And finally, according to the obtained blade parameters, carrying out three-dimensional modeling on the initial impeller and the composite impeller in SolidWorks software, carrying out grid division in ANSYS ICEM software, carrying out numerical simulation by using CFX software to obtain a cavitation performance curve and a pressure pulsation characteristic of a pump where the initial impeller and the composite impeller are located, and further judging whether the performance of the composite impeller meets the design requirements.

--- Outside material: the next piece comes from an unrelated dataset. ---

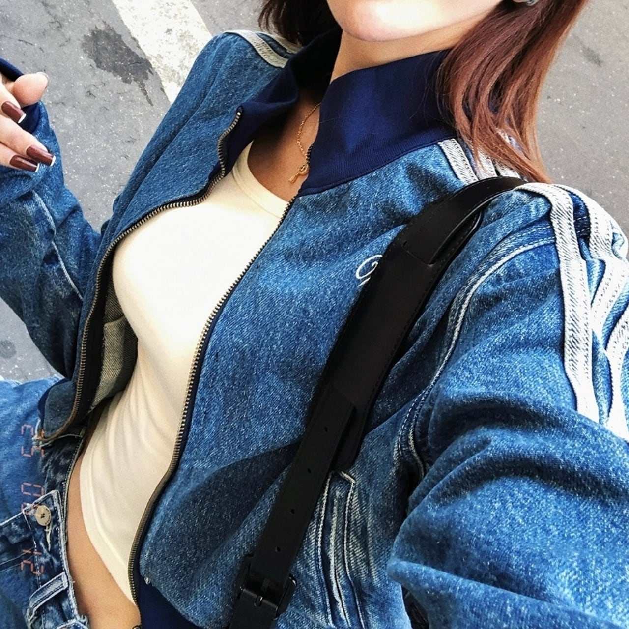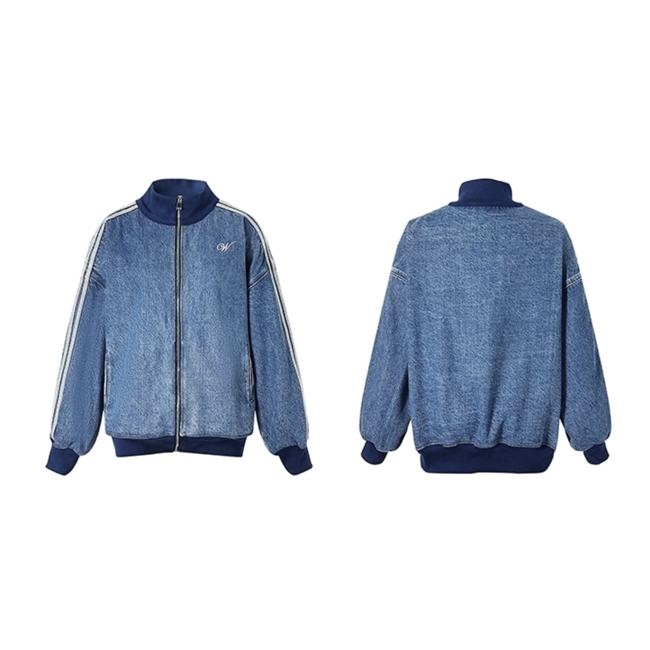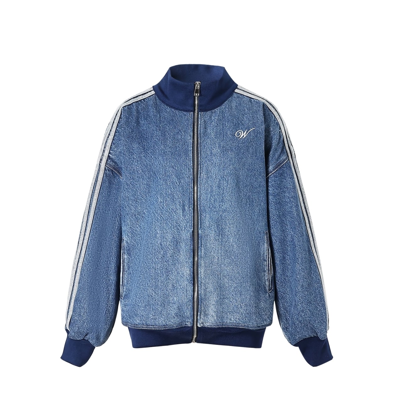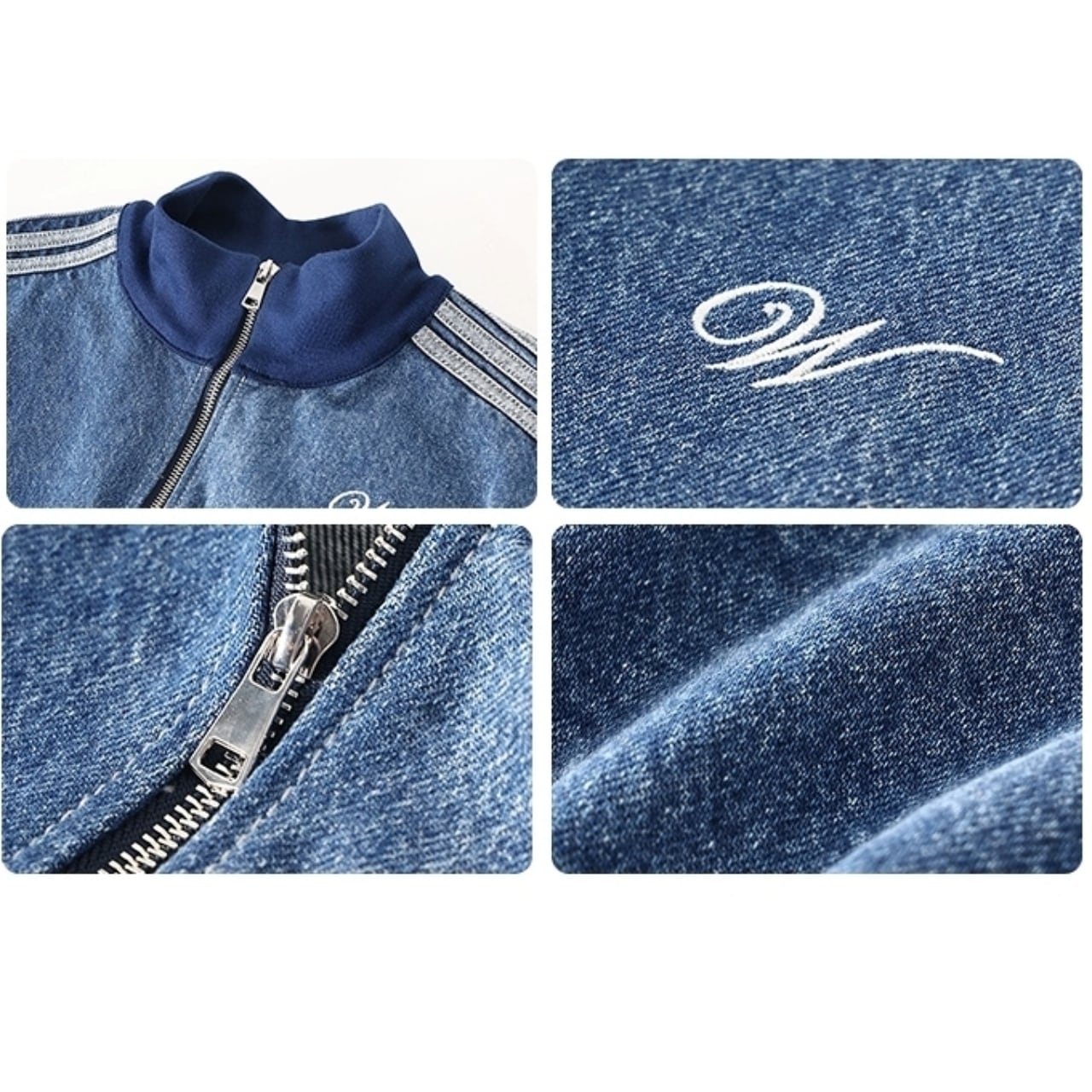 スタンドカラーが特徴的なジップアップデニムジャケット。

The invention has the beneficial effects that:

the invention is used for processing the impeller with even number of blades, can simply and effectively judge whether the impeller has the condition of flowing stall or not, further replaces the long blade with the short blade, optimally designs the composite impeller on the basis of blade load distribution under the condition of ensuring the consistency of the total loading load of the long blade and the short blade (namely the consistency of the total wrapping area of a blade load curve), and can simultaneously improve the adverse effects of cavitation and pressure pulsation on the pump.

The implementation result shows that: the composite impeller designed by the invention can effectively reduce the harm caused by cavitation and pressure pulsation, and enables the flow in the centrifugal pump to be more stable.

Drawings

FIG. 1 is a flow chart of the design of a composite impeller;

FIG. 2 is a block diagram of an initial impeller;

FIG. 2(a) is a plan view of an initial impeller;

FIG. 2(b) is a view showing the axial structure of the initial impeller;

FIG. 3 is a partial schematic view of a point at the inlet of the initial impeller (section A of FIG. 2)

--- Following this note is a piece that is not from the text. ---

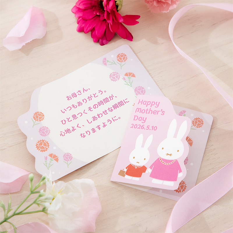 お母さんへの感謝を載せたメッセージカードを添えてお届けします。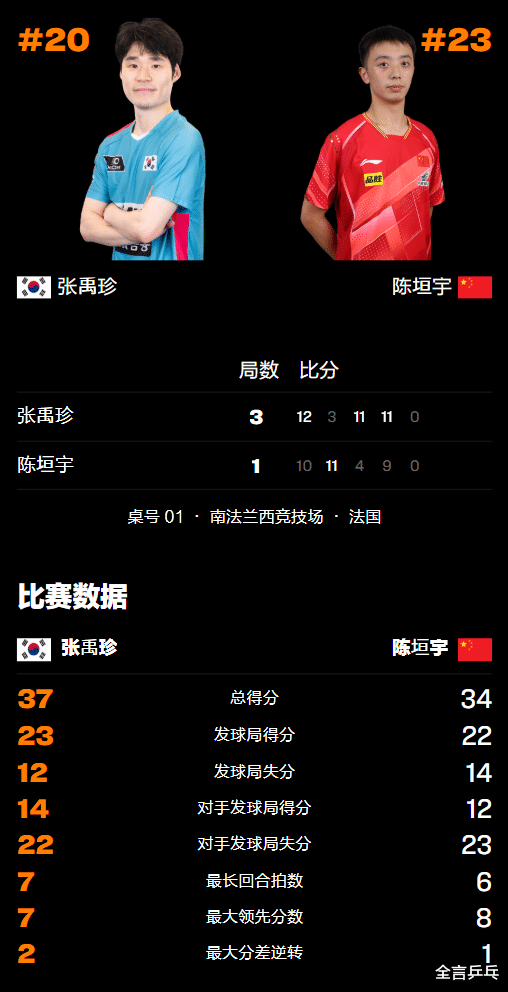 在此之前,张禹珍曾打败过国乒主力张继科、马龙、许昕、王楚钦、梁靖崑、林高远、林诗栋等人,威胁非常大,此战陈垣宇面临严峻考验,再加上此前队友已经连输2场,压力之大可想而知。

FIG. 4 is a block diagram of a composite impeller;

fig. 4(a) is a plan view of the composite impeller;

FIG. 4(b) is a view showing the axial structure of the composite impeller;

FIG. 5 is a graph of composite impeller long blade load distribution;

FIG. 6 is a graph of the load distribution of the long and short blades of the composite impeller;

FIG. 7 is a graph of the dimensionless cavitation performance of a centrifugal pump with an initial impeller and a compound impeller;

fig. 8 is a graph of centrifugal pump pressure pulsation characteristics for an initial impeller and a compound impeller.

Detailed Description

The invention is further explained below with reference to the figures and examples.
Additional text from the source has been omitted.